2. Spinal Cord: The spinal cord is a long, cylindrical bundle of nerve fibers that extends from the brainstem down the spinal column. It serves as a pathway for transmitting signals between the brain and the rest of the body. The spinal cord also carries out certain reflex actions independently, without involving the brain. It is responsible for relaying sensory information from the body to the brain and transmitting motor commands from the brain to the muscles and organs.

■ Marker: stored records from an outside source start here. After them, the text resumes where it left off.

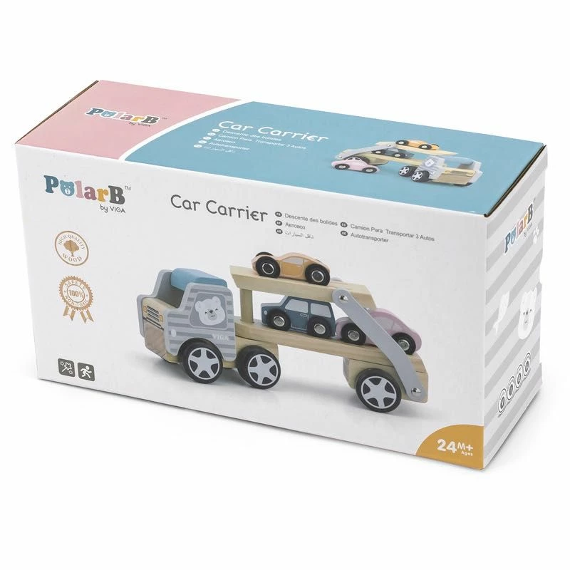Transport your cars in this cute scandi inspired Car Carrier. This beautiful pastel carrier is from Viga’s Polar Bear collection. Your little one will be occupied for hours loading the 3 cars, pushing and unloading them. This two story, car carrier features pastel colours along with a cute polar bear. This toy is perfect for developing their fine motor skills along with imaginative play.
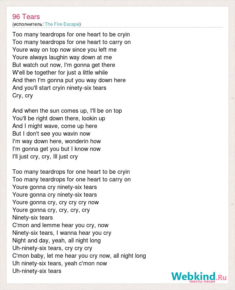 Too many teardrops for one heart to be cryin Too many teardrops for one heart to carry on Youre way on top now since you left me Youre always laughin way down at me But watch out now, I'm gonna get there W'ell be together for just a little while And then I'm gonna put you way down here And you'll start cryin ninety-six tears Cry, cry And when the sun comes up, I'll be on top You'll be right down there, lookin up And I might wave, come up here But I don't see you wavin now I'm way down here, wonderin how I'm gonna get you but I know now I'll just cry, cry, Ill just cry Too many teardrops for one heart to be cryin Too many teardrops for one heart to carry on Youre gonna cry ninety-six tears Youre gonna cry ninety-six tears Youre gonna cry, cry cry cry now Youre gonna cry, cry, cry, cry Ninety-six tears C'mon and lemme hear you cry, now Ninety-six tears, I wanna hear you cry Night and day, yeah, all night long Uh-ninety-six tears, cry cry cry C'mon baby, let me hear you cry now, all night long Uh ninety-six tears, yeah c'mon now Uh-ninety-six tears
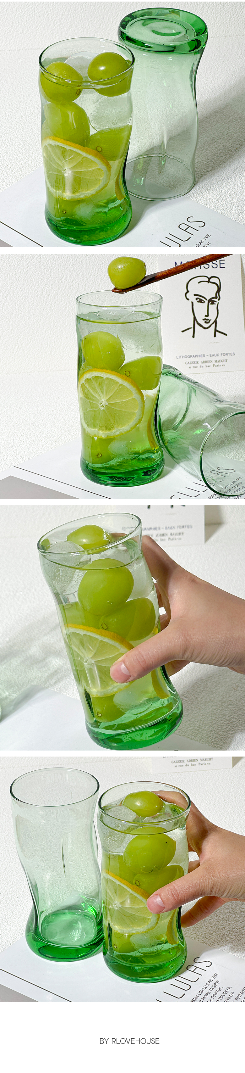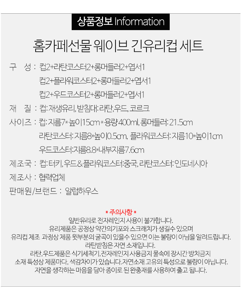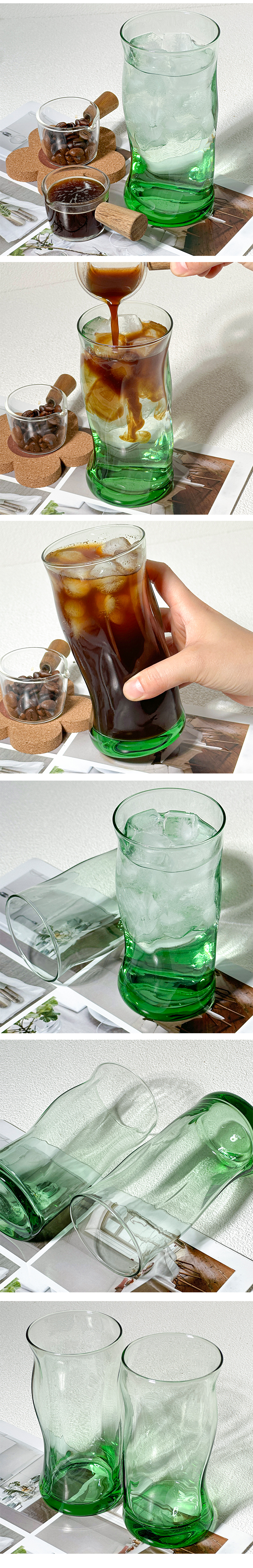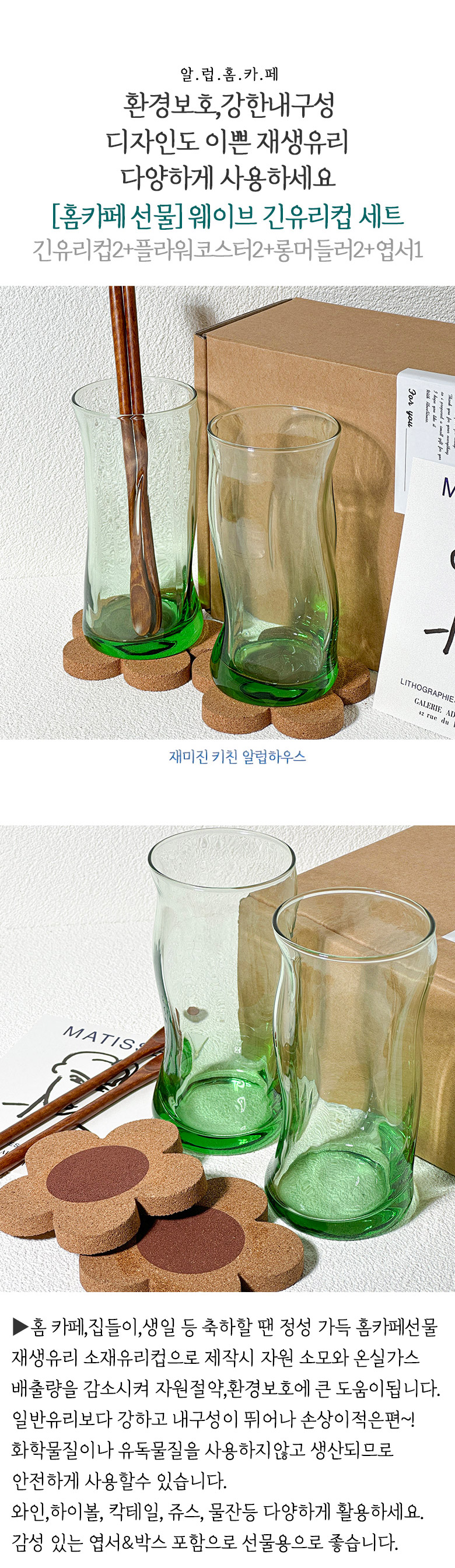 홈카페 선물 웨이브 긴유리컵 (플라워코스터 구성)
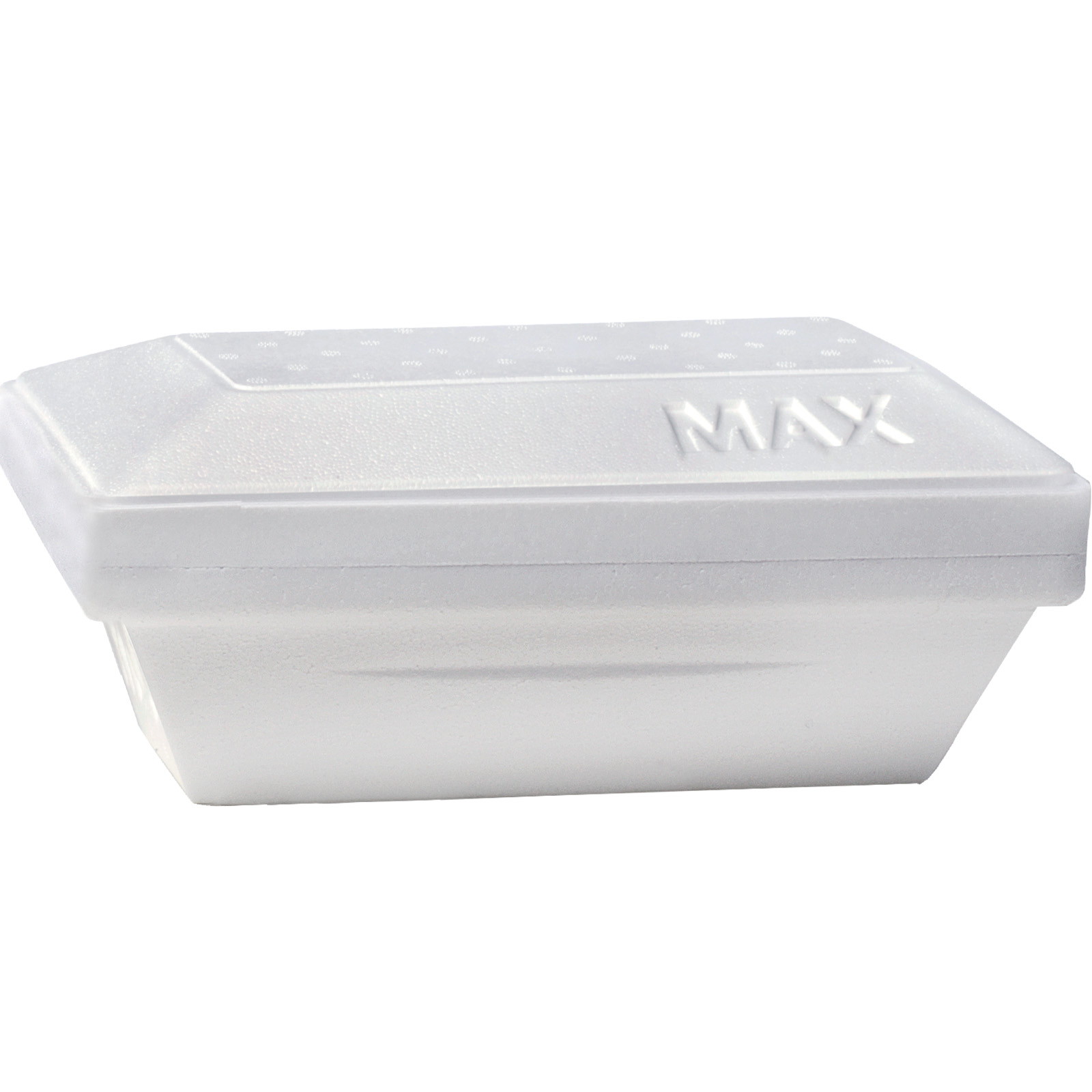 Vaschetta termica da asporto in polistirolo con coperchio e velina.
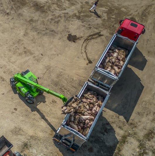 Note: gassed pigs loaded in the truck in order to get dumped.
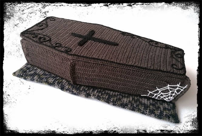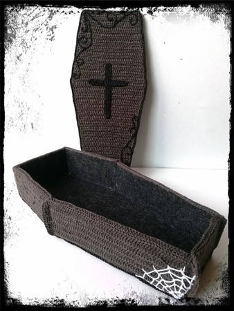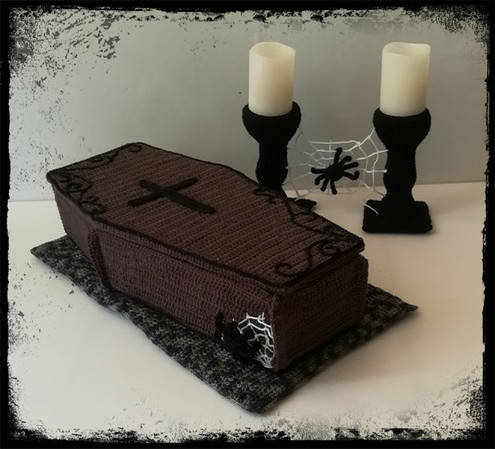 Häkelanleitung: Süßes oder Saures - Sarg mit Kerzenleuchtern (DE/EN)
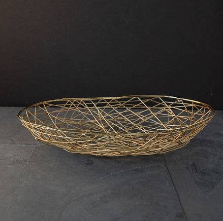 Lightweight and versatile, these gold wire market baskets bring a refined farmhouse feel to countertop displays, produce setups, or picnic spreads. Each nesting set includes three sizes (14", 12", and 10" diameter) with fixed handles for easy styling and function. Ideal for fresh fruit, linens, or merchandising grab-and-go goods. Sold in a pack of 2 full sets—perfect for gifting, kitchen displays, or bundling with summer decor. Iron 6" H x 14" Dia, 5.25" H x 12" Dia, 4.5" H x 10" Dia. Pkg Desc: Pk/02 Sets
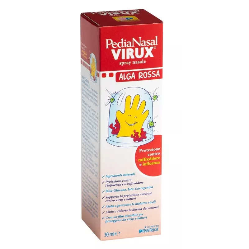 Non solo elimina i virus e l'eccesso di muco dalla mucosa nasale, ma forma un film sottile, che protegge la mucosa nasale dalle aggressioni esterne come virus e batteri, grazie ai suoi componenti naturali attivi come iota-carragenina e beta-glucano. Pertanto, PediaNasal Virux promuove una protezione articolata contro l'influenza e il raffreddore, aiuta a ridurre i sintomi e la loro durata. Non ha effetti sistemici sul corpo.

The CNS is protected by various structures:
- Skull: The brain is encased within the rigid skull, which provides protection against physical trauma.
- Meninges: The CNS is surrounded and cushioned by three layers of protective membranes called meninges (dura mater, arachnoid mater, and pia mater).
- Cerebrospinal Fluid (CSF): The brain and spinal cord are bathed in cerebrospinal fluid, a clear fluid that circulates around them, providing buoyancy and additional protection.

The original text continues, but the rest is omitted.